Monday, July 25, 2011

Like Esperanto, Greek bail-out is a bit of a fudge

by Patrick Jenkins

Financial Times

July 25, 2011

It’s probably very unfair to the estimated 2m people who speak it. But Esperanto – the artificially constructed language that celebrates its own name-day on Tuesday – has always struck me as daft.

The ideals behind it were all very noble – a Russian Jew, who grew up in such an ethnically and linguistically fractured neighbourhood that he longed for a common language to bind everyone together, clearly had the best of intentions when he came up with it 130-odd years ago.

But the concept of a language created rather than evolved, spoken only by enthusiasts, and one which ironically – in our increasingly globalised world – is surely doomed to failure, given the dominance of English, has always reminded me of the euro.

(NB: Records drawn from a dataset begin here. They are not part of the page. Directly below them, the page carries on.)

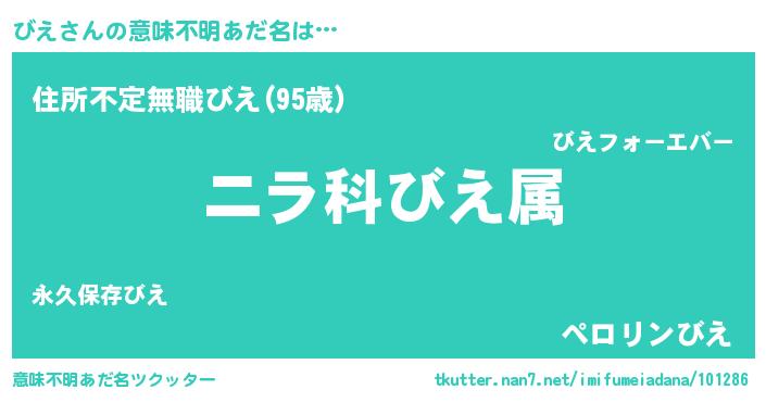 | 男性向けラノベタイトル風あだ名 | 『びえ~年齢イコール彼女いない歴の魔法使い~』 |
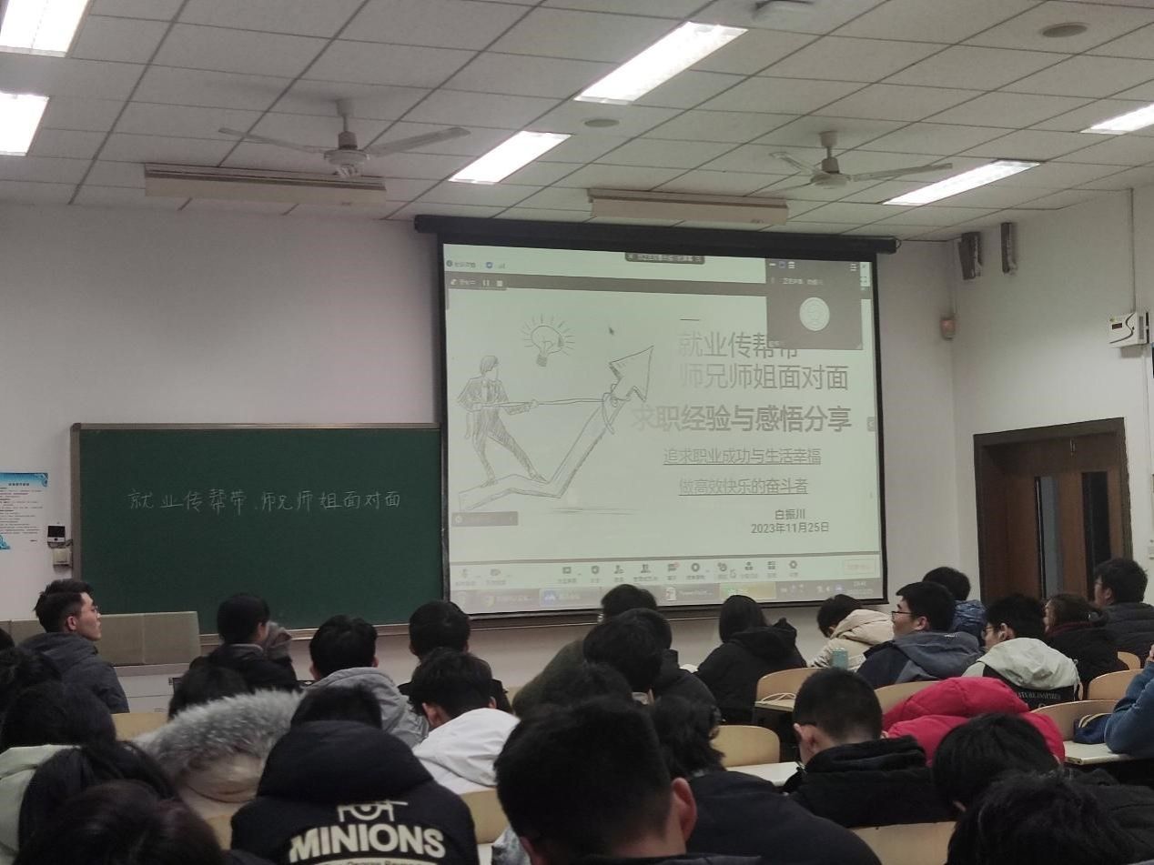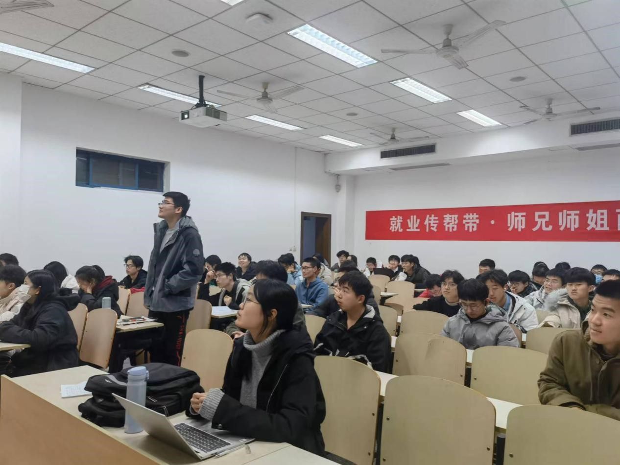 的2023届硕士研究生白振川聚焦“追求职业成功与生活幸福”,进行求职经验与感悟分享。白振川分享了实现职业生涯规划的方法,强调态度、对专业的了解、个人的精神需求等方面的重要性,以及在职业选择和职场选择时的考量因素及其重要性。最后,他还分享了有关于研究生期间的经验以及大学生职业规划与发展的问题,以及对职场竞争和个人选择的策略,解答了同学们的疑问。
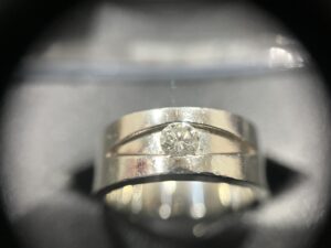 こちらのリングはダイヤモンドが1ポイントで装飾されているシンプルなデザインなのでどのような服装にも合わせやすいリングになっております(^^♪

Late last Thursday, German chancellor Angela Merkel, French president Nicolas Sarkozy, and other European luminaries, including European Central Bank president Jean-Claude Trichet, were all smiles, determined to demonstrate that the product of 30-odd years worth of work by their political forebears was not unravelling like a bad Esperanto translation. After weeks of standoff, they had reached agreement on a €109bn aid package to Greece – heartening proof, if you are a europhile, that the eurozone nations are totally committed to each other; depressing proof, if you are not, that there is seemingly no limit to the stream of cash that can be poured down the drain.